# The 50th Anniversary Doctor Who Companion.



## JCFarnham (Mar 22, 2012)

Right. I had to do it. Simply because everyone is acting as though its _such_ a controversial choice ...

The newest companion to enter the TARDIS will be (and if you don't want to do know why are you even reading this thread) Jenna-Louise Coleman (of Emmerdale and Captain America fame). The top comments I've seen regarding this casting choice are raging about the fact that: 

"Shes fat" (don't know where this came from, she isn't _at all_ and it wouldn't matter if she was), 
"She's not Billie Piper or Karen Gillan" (uhhh well done? frankly I'm glad she's neither of them. change of pace and all that.),
"I flat out don't like her for (insert reason here)" (the list could go on she's been picked on for all manner of insignificant reasons)

but the one that really struck a nerve with me is the sheer amount of people I've seen calling Steven Moffat a racist because the DW cast is "still" predominantly young, itwhe and pretty, or heaven forgive me, chewing Jenna-Louise herself out because she's white. 

Just so we're _totally_ clear, I'm not racist and I'm all for diversity. (I shouldn't even have to say this, but some people ...)

Now I'm sorry but is it really logical to hate on the casting of Jenna-Louise because she isn't part of a minority? 

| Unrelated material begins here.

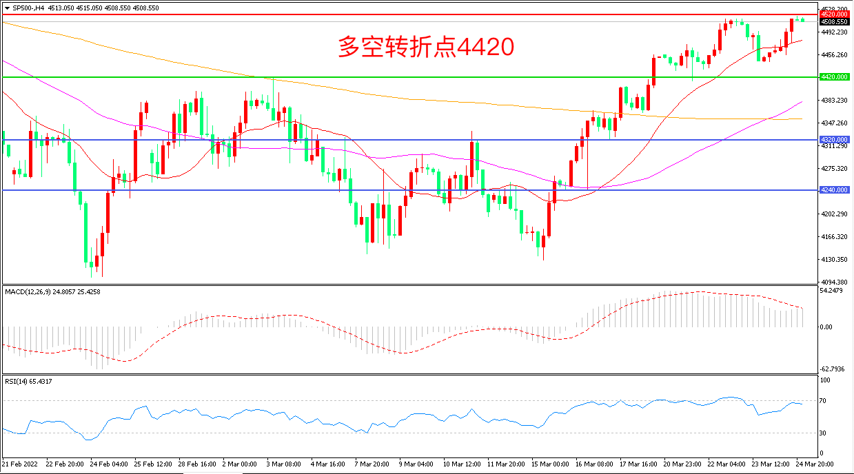 周四(3月24日),美国部分经济数据优于预期,联储高官继续发表鹰派言论,美债价格回落支撑美股大幅反弹,标普500强势上行,收报4420.00点。过去八个交易日里,美股有第六日交易日收涨,风险情绪逐渐回升的推动下,美股延续强势概率较大。

People are genuinely angry about this. The fact is plenty of people of various ethnic groups auditioned for the role. They must have done considering just how diverse the UK is. Now, call me crazy, but maybe the reason Jenna-Louise got the role is because she was best actress of the bunch? Is that hard to believe? Steven Moffat _has_ proven himself in casting very decent actors for the show in my opinion. He found us Matt Smith after David Tennents (brilliant) run started to get stale. And let us not forget Alex Kingston.

I'd hazard a guess at saying that these claims have arisen simply because at first _everyone_ hates _every_ casting choice made in relation to Doctor Who. The fandom usually hates any companion who isn't Rose, and any Doctor who isn't the previous one. It's dare I say easy to pick on them. I'd like to think that no one in their right mind would make racially bias casting choices for a prime time BBC family show... or stand for tokenism or negative diversity. 

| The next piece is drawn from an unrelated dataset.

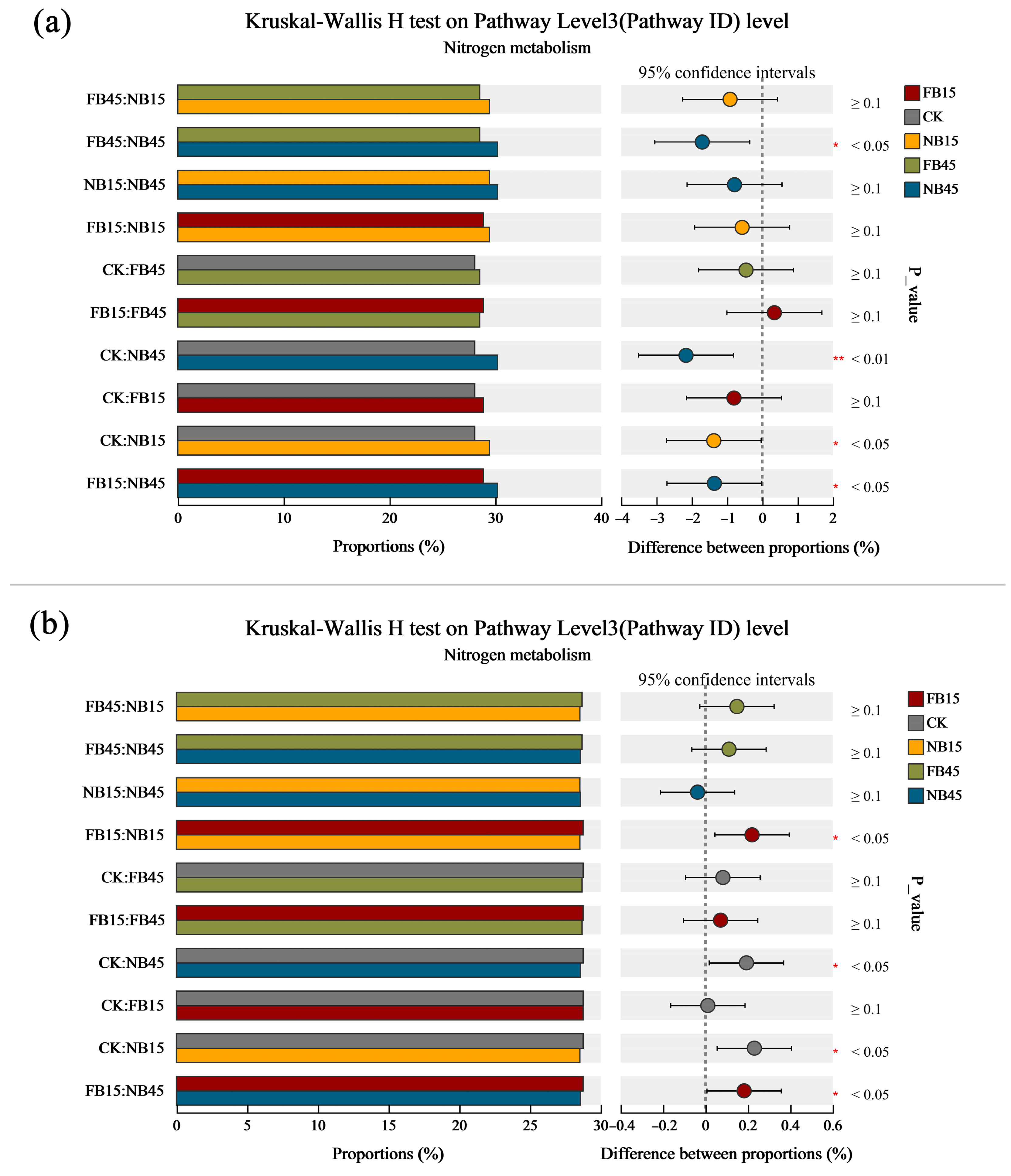 3.6. Comparison and Differential Analysis of the Microbial Functions of Nitrification and Denitrification in Paddy Field Soil

Can we all just wait and see how the girl handles filling the shoes of Karen Gillan before we start hating her? So what if she's white and young and pretty. That shouldn't matter right? Do we really care about skin colour? All people are just people. It is after all about acting a character the world will come to love. Let her try at least.

Thank you for listen to my rant.


----------



## soulless (Mar 22, 2012)

My thoughts exactly, reserve judgment until she's proven herself.  Don't put her down before she's even started filming!


----------



## JCFarnham (Mar 22, 2012)

What really gets me is that its been little more than 24 hours since the announcement.


----------



## Kelise (Mar 24, 2012)

I'm not having any opinion on her until I see the Christmas episode. I'm more interested in what they're doing for the 50th birthday  I hope they do special episodes, audio plays, maybe involve past-Doctor actors somehow (McGann!) and so on. I really hope they do something utterly massive for it, in a few different media forms, possibly even over a few weeks.


----------



## JCFarnham (Mar 24, 2012)

starconstant said:


> I'm not having any opinion on her until I see the Christmas episode. I'm more interested in what they're doing for the 50th birthday  I hope they do special episodes, audio plays, maybe involve past-Doctor actors somehow (McGann!) and so on. I really hope they do something utterly massive for it, in a few different media forms, possibly even over a few weeks.



I have heard talk of returning actors, but at the moment its all conjecture and unfounded rumour. There will certainly be something special though for the birthday, we must have faith in the Moff. haha

I like you am not forming an opinion. well not as such, her portrayal of Jasmine in the soaps was apparently well received (I don't watch them) and her part in Cap America was not bad (I think I know where she appears in it but I didn't recognise her the first time through).


----------